What is the Allan deviation and how does it relate to phase noise and frequency stability?
Stability Metrics
Phase noise is the standard metric for RF and microwave oscillator stability because it directly describes the spectral purity at specific offset frequencies. Engineers use phase noise to calculate the impact on receiver sensitivity, EVM, and radar performance at specific offset frequencies relevant to the signal bandwidth.
Allan deviation is the standard metric for precision frequency references (atomic clocks, GPS disciplined oscillators, and frequency standards) because it characterizes stability over averaging times ranging from microseconds to days. The Allan deviation at averaging time τ tells you how much the frequency varies between measurements spaced τ apart.

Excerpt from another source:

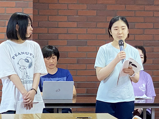 夜礼では、クラブリーダーがマイクをとり、合宿の成果を話してくれました。

The mathematical relationship: σy²(τ) = 2 ∫ Sy(fm) × sin⁴(π×fm×τ) / (π×fm×τ)² dfm, where Sy(fm) is the power spectral density of fractional frequency fluctuations. For practical conversion: σy(τ) ≈ √(2 × ln(2)) × fm_offset × 10^(L(fm)/20) / f_carrier, at the offset frequency fm = 1/(2τ).

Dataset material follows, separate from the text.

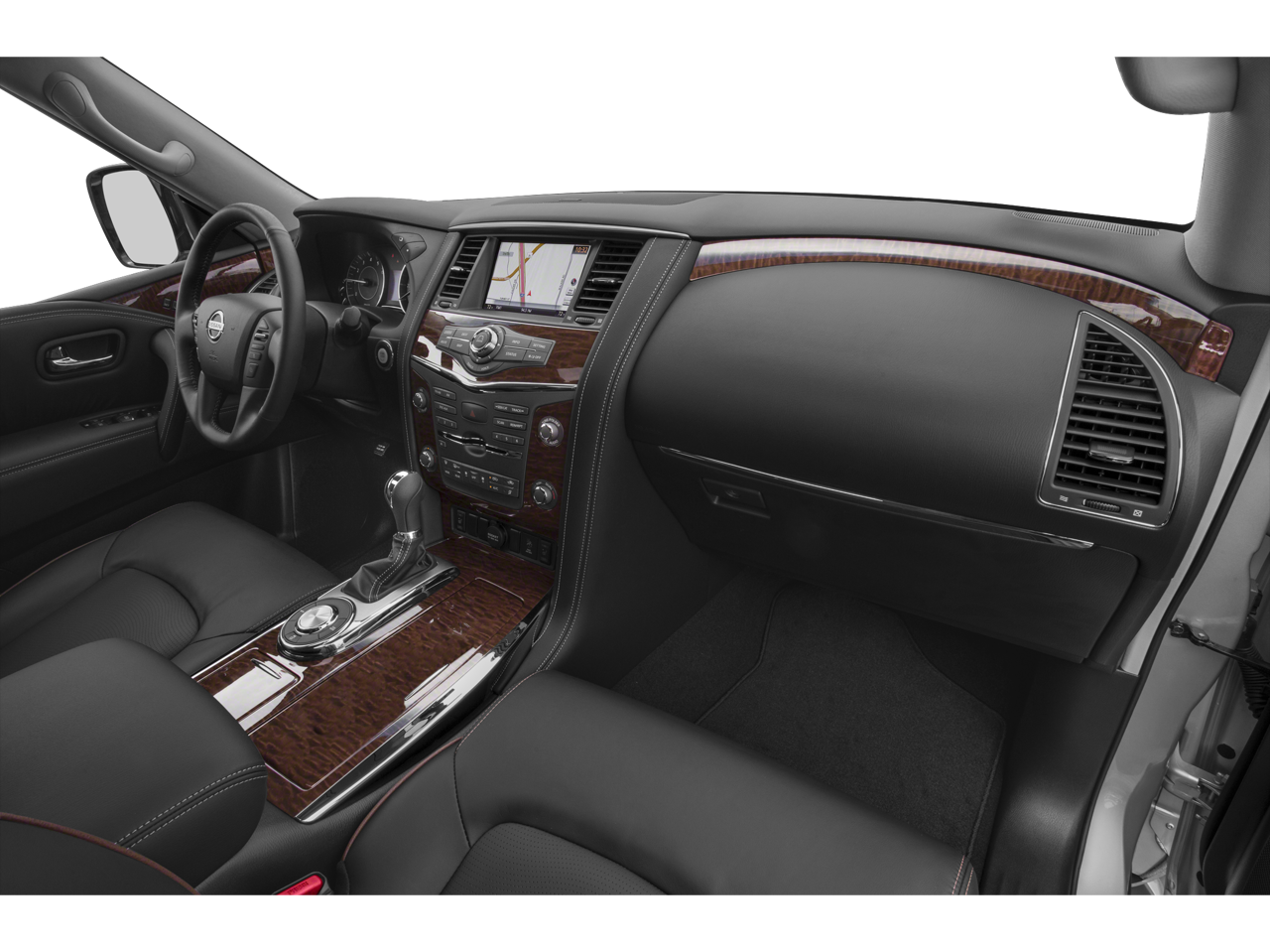 Gun Metallic 2019 Nissan Armada SL RWD 7-Speed Automatic 5.6L V8 DOHC 32V Endurance 13 Speakers, 2.937 Axle Ratio, 2nd Row Captain's Chairs, 2nd Row Center Console w/ Padded Armrest, 3rd row seats: split-bench, 4-Wheel Disc Brakes, ABS brakes, Air Conditioning, Alloy wheels, AM/FM radio: SiriusXM, Anti-whiplash front head restraints, Auto tilt-away steering wheel, Auto-dimming door mirrors, Auto-dimming Rear-View mirror, Auto-leveling suspension, Automatic temperature control, Blind Spot Warning, Brake assist, Bumpers: body-color, Captain's Chairs Package, Carpeted Floor Mats w/ Captain Seat Package, CD player, Cross Bars, Delay-off headlights, Driver door bin, Driver vanity mirror, Dual front impact airbags, Dual front side impact airbags, Electronic Stability Control, Emergency communication system: NissanConnect Services, Four wheel independent suspension, Front anti-roll bar, Front Bucket Seats, Front Center Armrest, Front dual zone A/C, Front fog lights, Front reading lights, Fully automatic headlights, Garage door transmitter: HomeLink, Heated door mirrors, Heated Front Bucket Seats w/Driver Memory, Heated front seats, Illuminated entry, Illuminated Kick Plates, Intelligent Back-Up Intervention (I-BI), Intelligent Distance Control (I-DC), Leather Shift Knob, Leather-Appointed Seat Trim, Low tire pressure warning, Memory seat, Navigation System, Occupant sensing airbag, Outside temperature display, Overhead airbag, Overhead console, Panic alarm, Passenger door bin, Passenger vanity mirror, Power door mirrors, Power driver seat, Power Liftgate, Power passenger seat, Power Sliding Moonroof w/Front Tilt & Rear Slide, Power steering, Power windows, Premium Package, Radio data system, Radio: AM/FM/SXM/CD/MP3/HD, Rain sensing wipers, Rear air conditioning, Rear anti-roll bar, Rear Cross Traffic Alert (RCTA), Rear reading lights, Rear seat center armrest, Rear window defroster, Rear window wiper, Reclining 3rd row seat, Remote keyless entry, Roof rack: rails only, Security system, Speed control, Speed-sensing steering, Speed-Sensitive Wipers, Split folding rear seat, Spoiler, Steering wheel memory, Steering wheel mounted audio controls, Tachometer, Telescoping steering wheel, Tilt steering wheel, Traction control, Trip computer, Turn signal indicator mirrors, Variably intermittent wipers, Voltmeter, Wheels: 20 Machined Finish Painted Alloy.

Frequently Asked Questions
When do I use one vs the other?
Phase noise: for RF system design (receiver sensitivity, EVM, radar Doppler resolution). Allan deviation: for frequency reference characterization (clock stability, time transfer, navigation). Both describe the same underlying oscillator instability in different domains.
What is a good Allan deviation?
TCXO: σy(1s) ≈ 10^-9 to 10^-10. OCXO: σy(1s) ≈ 10^-12 to 10^-13. Rubidium: σy(1s) ≈ 10^-11 to 10^-12. Cesium: σy(1s) ≈ 10^-11 to 10^-12 (but best at longer τ). Hydrogen maser: σy(1s) ≈ 10^-13.
Does Allan deviation measure drift?
Standard Allan deviation does not separate deterministic drift from random instability. Modified Allan deviation (MDEV) and Hadamard deviation are used for characterizing oscillators with significant frequency drift, as they distinguish between noise types more effectively.